◆ **Assignment**: In the listing that follows, find the line with "бабочки на цветах]()", then copy exactly from it through the line with "此次,王峰授课的课题是五年级", leaving out every picture.
─── Excerpted records
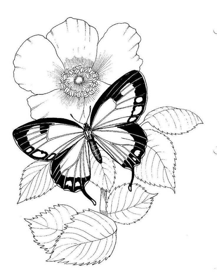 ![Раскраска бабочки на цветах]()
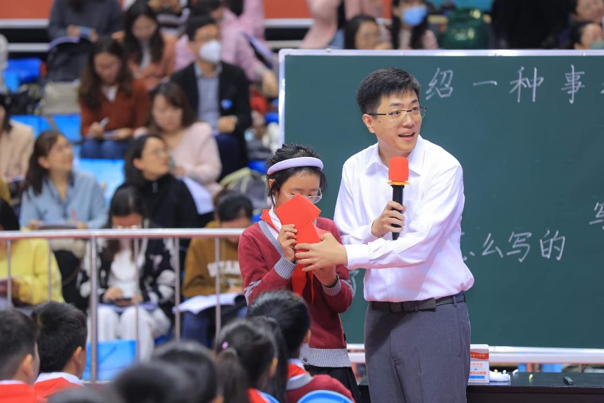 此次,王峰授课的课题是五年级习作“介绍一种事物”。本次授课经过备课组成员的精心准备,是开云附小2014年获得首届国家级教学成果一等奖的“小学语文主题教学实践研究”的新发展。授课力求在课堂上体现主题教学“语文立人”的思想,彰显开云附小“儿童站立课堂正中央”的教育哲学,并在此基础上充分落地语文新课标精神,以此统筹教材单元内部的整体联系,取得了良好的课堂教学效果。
──────
─── Excerpted records
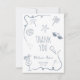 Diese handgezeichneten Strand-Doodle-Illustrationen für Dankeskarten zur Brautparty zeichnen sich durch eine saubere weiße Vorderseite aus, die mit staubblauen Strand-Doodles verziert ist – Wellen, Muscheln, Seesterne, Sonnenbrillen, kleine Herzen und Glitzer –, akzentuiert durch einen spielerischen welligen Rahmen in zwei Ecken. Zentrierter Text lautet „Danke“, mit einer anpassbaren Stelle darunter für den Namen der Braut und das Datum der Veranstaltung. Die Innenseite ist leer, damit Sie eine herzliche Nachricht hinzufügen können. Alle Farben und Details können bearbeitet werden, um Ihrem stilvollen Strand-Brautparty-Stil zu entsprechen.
──────
◆ **Response for this exercise**:
 ![Раскраска бабочки на цветах]()
 此次,王峰授课的课题是五年级习作“介绍一种事物”。本次授课经过备课组成员的精心准备,是开云附小2014年获得首届国家级教学成果一等奖的“小学语文主题教学实践研究”的新发展。授课力求在课堂上体现主题教学“语文立人”的思想,彰显开云附小“儿童站立课堂正中央”的教育哲学,并在此基础上充分落地语文新课标精神,以此统筹教材单元内部的整体联系,取得了良好的课堂教学效果。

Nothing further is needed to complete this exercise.